Paper ID: | 4884 |
---|---|

Title: | Limitations of Lazy Training of Two-layers Neural Network |

See above. This work seems to be original and well written, and offers an interesting theoretical and experimental exploration of a simple version of several methods often proposed for computation-constrained applications. Edit: The authors have provided avenues for extending the results in the rebuttal. More importantly, they have provided evidence that the trends they observe hold for non-quadratic activations. I have thus incremented my score.

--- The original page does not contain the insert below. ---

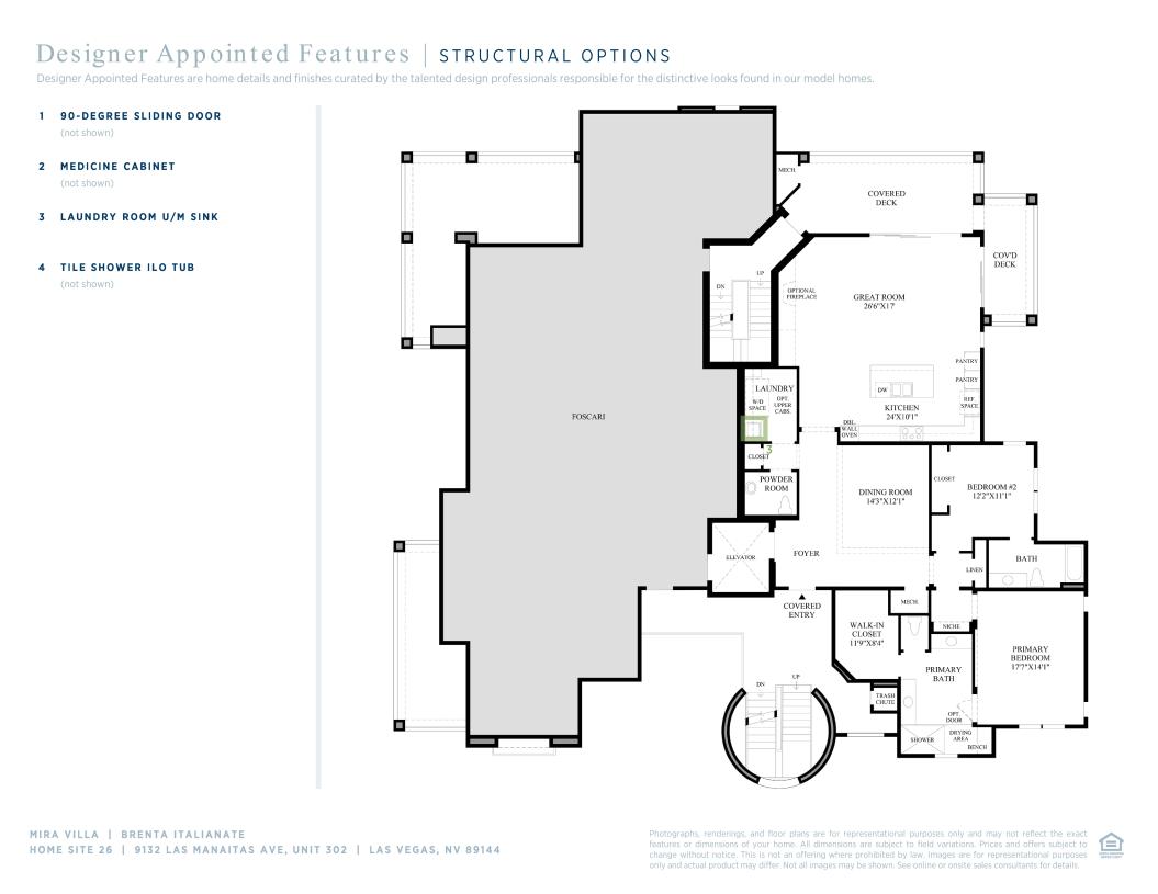The Brenta features modern archecture that perfectly suits an elevated lifestyle. The inviting foyer is enhanced by elegant stairs, opening onto a formal dining room that presents alluring views of the spacious great room and wraparound covered deck beyond. The well-designed kitchen is equipped with a large center island with breakfast bar, plenty of counter and cabinet space, and ample dual pantries. The serene primary bedroom suite is defined by a sizable walk-in closet and a deluxe primary bath complete with dual vanities, a luxe shower with seat and drying area, and a private water closet. The spacious secondary bedroom features a roomy closet and private full bath, with additional highlights of the Brenta including a convenient elevator, a powder room, easily accessible laundry, and additional storage throughout.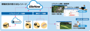『SiteNow』は、リアルタイム施工マネジメントシステム『Sitelink3D』と連携して取得するICT建機の施工履歴データに加え、スキャナー等で取得した点群データや各種IoTセンサーから得られる現場情報など、多様なデータをクラウド上で一元的に統合します。これにより、リアルタイムに現場全体の作業状況を把握し、工程の遅れや手戻りを未然に防ぐための速やかな意思決定を支援します。

The analysis shows that the error of RF is always bounded away from zero unless the number of neural N goes to infinity. Both NT and NN achieve zero error if N is greater than or equal to the dimension d. It also shows that NN always achieves smaller errors than NT, because NN learns to fit the most significant direction, while NT can only fit the sub-space that is spanned by random directions. The results of the paper is quite intuitive, but non-trivial in my perspective. It provides a clear evidence that even for simple target functions, the neural network can hold advantage over random features models. This fact is often easy to be ignored, because for many simple tasks, random features work as well as the neural networks. I think the paper can become a reference point for future work when people want to talk about MLP versus random features. The comparison between the RF and the NT is not very meaningful. It is true that NT can achieve a zero error with a finite number of neurons while RF cannot, but that only holds for specific target functions (quadratic and mixture of Gaussians), not to mention that NT has much more parameters to learn than RF. That said, the comparison between RF/NT and NN is the main contribution of this paper.

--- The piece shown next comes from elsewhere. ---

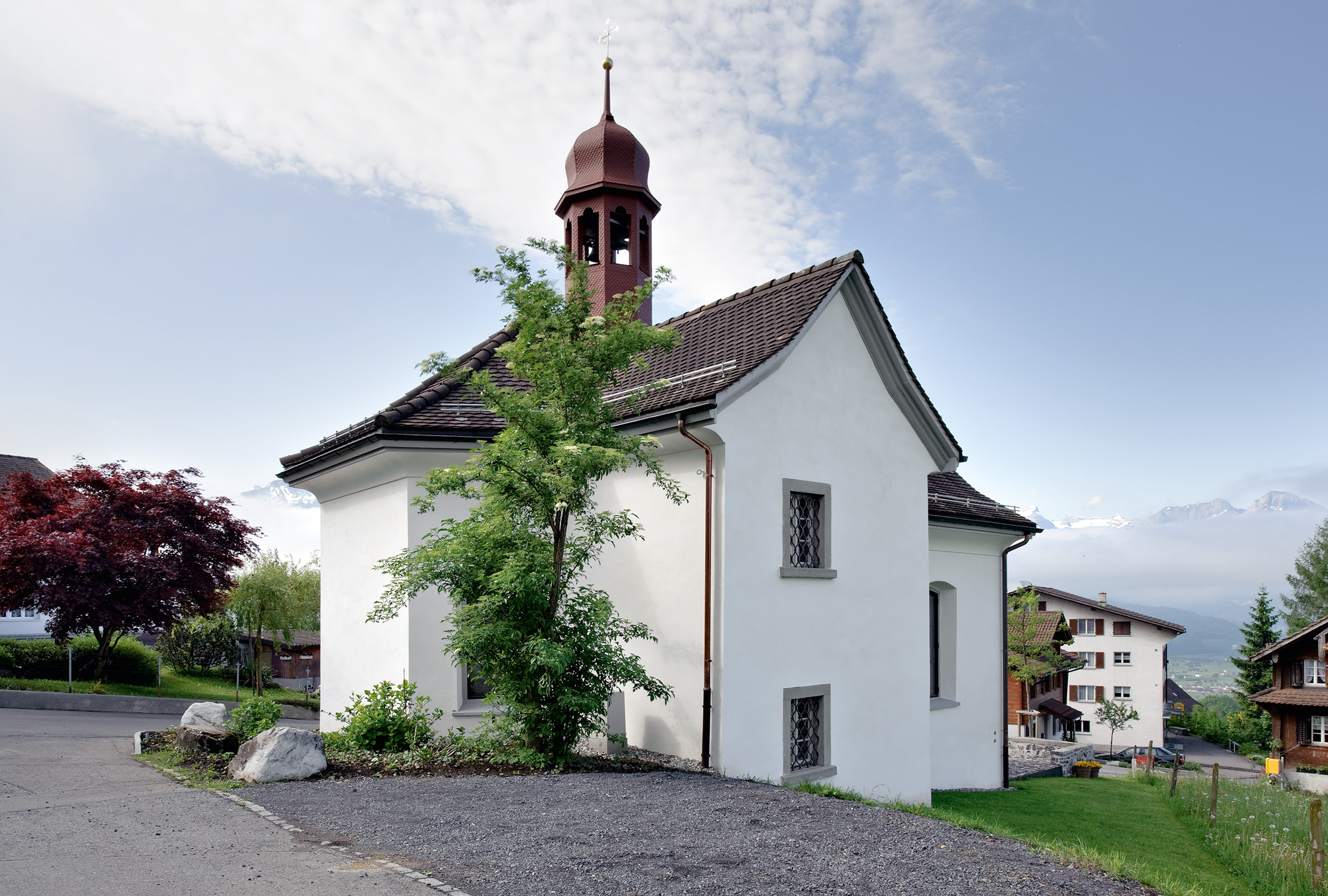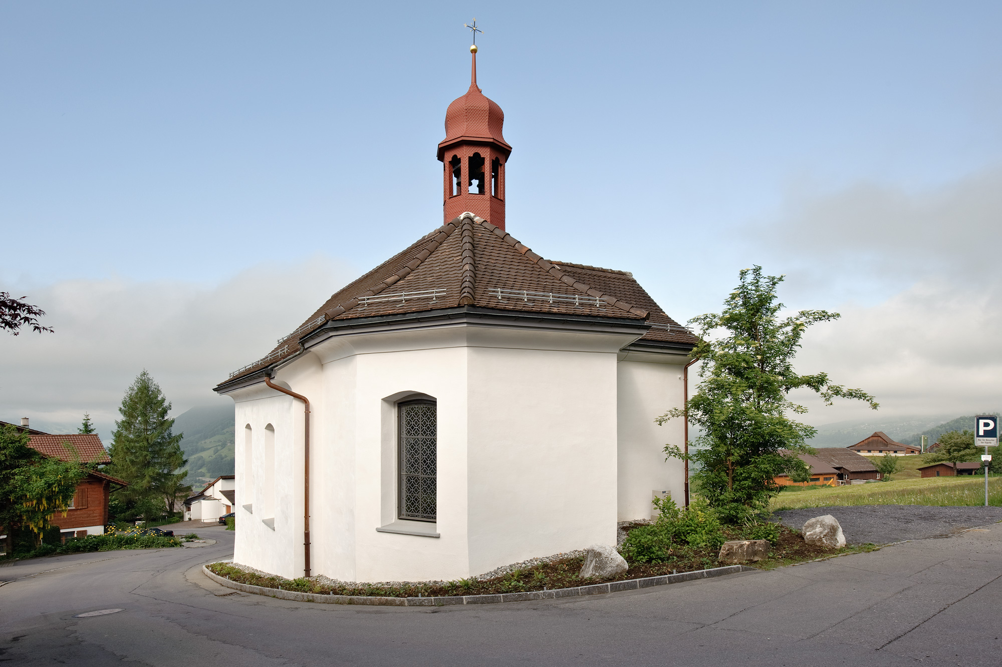 Vorplatz und Kirchlein bilden zusammen mit dem Bauernhaus Auf der Maur das intakte Zentrum der Ortsteiles Ried ob Schwyz.

In this article, the authors analyzed the performance of a single-hidden-layer neural network model under the random feature (RF) regime, the neural tangent (NT) regime, as well as the fully trained neural network (NN) regime. By considering the tasks of 1) learning a quadratic function of d-dimensional Gaussian data, and 2) classifying a two-class d-dimensional Gaussian mixture, the authors showed that, in the high dimensional regime where the number of neurons N and the data dimension p are both large and comparable, one has NN > NT > RF in the sense of prediction performance, in the infinite data limit. In this vein, this article improves/generalizes the analyses in [25] by covering the neural tangent model, which is a more involved model that is of more practical interest. This article provides solid analyses on an interesting problem and is already quite polished. I strongly recommend it for publication. Below are a few minor comments that the authors might consider addressing before publication. **After rebuttal**: This is a solid work on an interesting topic, I vote for accepting.